While a Memorandum of Understanding on financial services is beneficial for the UK and the EU, it is not critical and does not in itself change the basis on which financial services are traded across the UK-EU border (or not). Most of the circumstances in which we can imagine that a memorandum of understanding would be of real help, for example during a cross-border financial crisis, are circumstances in which we would expect UK and EU regulators to work together on an informal basis, even if no mous is in place. The importance of accepting the elimination of tariffs for sectors crucial for bilateral trade (and also for Spain), such as agri-food and automotive, which would have suffered from high tariffs, should not be underestimated. Nevertheless, daily trade flows will decline sharply. Agricultural and food trade is subject to obtaining health certificates that were not previously required and are now systematically checked in addition to regular checks.
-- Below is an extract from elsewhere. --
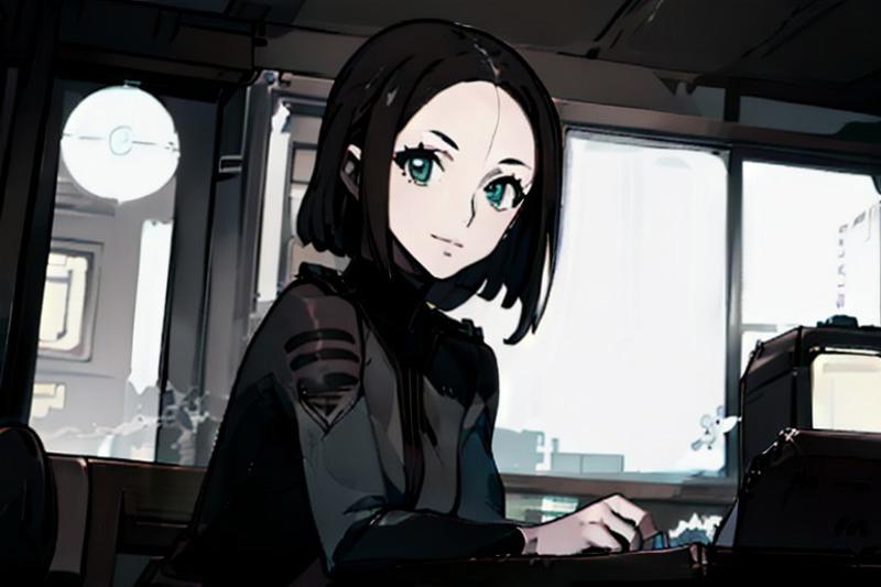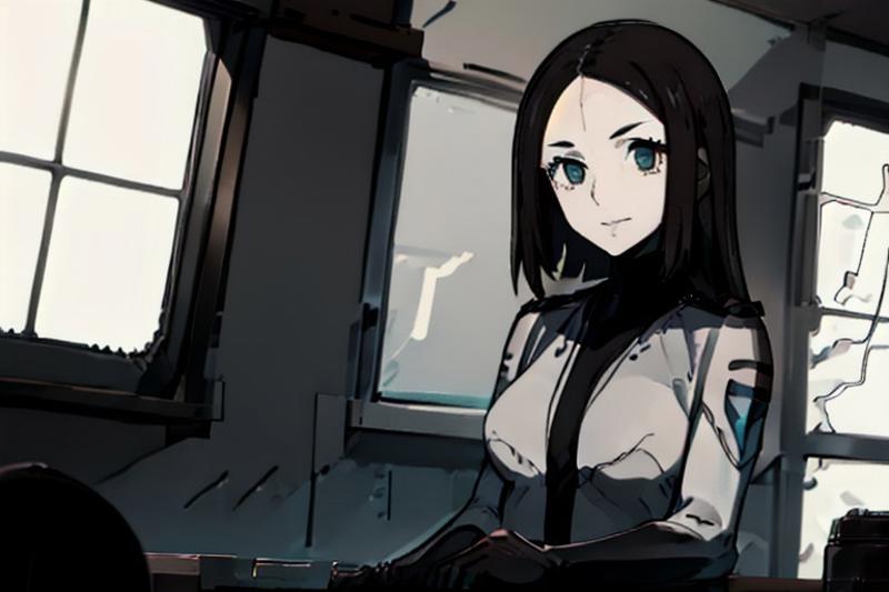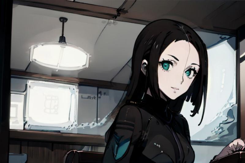 pale skin,parted bangs,(forehead:0.6),black hair,long hair,aqua eyes,

Industrial products must bear the CE marking to ensure they meet EU technical requirements, which means that UK manufacturers now need three brands: one for the UK, another for products destined for Northern Ireland and a third for products destined for the EU). Some products such as chemicals or pharmaceuticals now need to be re-registered and face additional barriers to approval. Similarly, VAT and special taxes are due on each import (including online purchases), and not in the context of regular declarations of intra-Community transactions. However, a level playing field does not mean that the UK must comply with the same standards as the EU (as would have been the case with an agreement that kept the UK in the single market), but that it must maintain a similar level of requirements and adapt as the rules change. Of course, the EU would have preferred automatic compensation through tariffs in the event of a regulatory divergence, or at least an interpretation by the Court of Justice of the European Union. In the end, however, it opted for a complex bilateral procedure to assess the divergence, with arbitration if no agreement can be reached.
This means that if UK environmental, labour or state aid standards diverge and the EU believes that this leads to elements of unfair competition, bilateral negotiations will take place to resolve the problem. If the two parties fail to reach an agreement, the case will be subject to arbitration, which may result in compensation through tariffs (or even, for example, the reimbursement of unfair state aid received by companies). The system of bilateral negotiations, arbitration and retaliation is particularly complex for labour and environmental standards and state aid. As part of the prudent approach successfully imposed by the EU, the general dispute settlement mechanism will be launched by informing the Joint Partnership Council. If a solution is not found amicably, the dispute will be subject to binding external arbitration with the injured party, who will be entitled to take countermeasures in case of non-compliance. No more equivalence or mutual alignment – In the agreement, the parties did not provide for a general equivalence regime (“equivalence plus” or “mutual alignment”) that was discussed during the negotiations. Under such a system, a wide range of financial services could have granted market access on the basis of mutual recognition of their respective regulatory standards. Trade between the UK and the EU will vary considerably under the ACC compared to its EU member state. In announcing the agreement on December 24, the British Prime Minister noted that “December 1.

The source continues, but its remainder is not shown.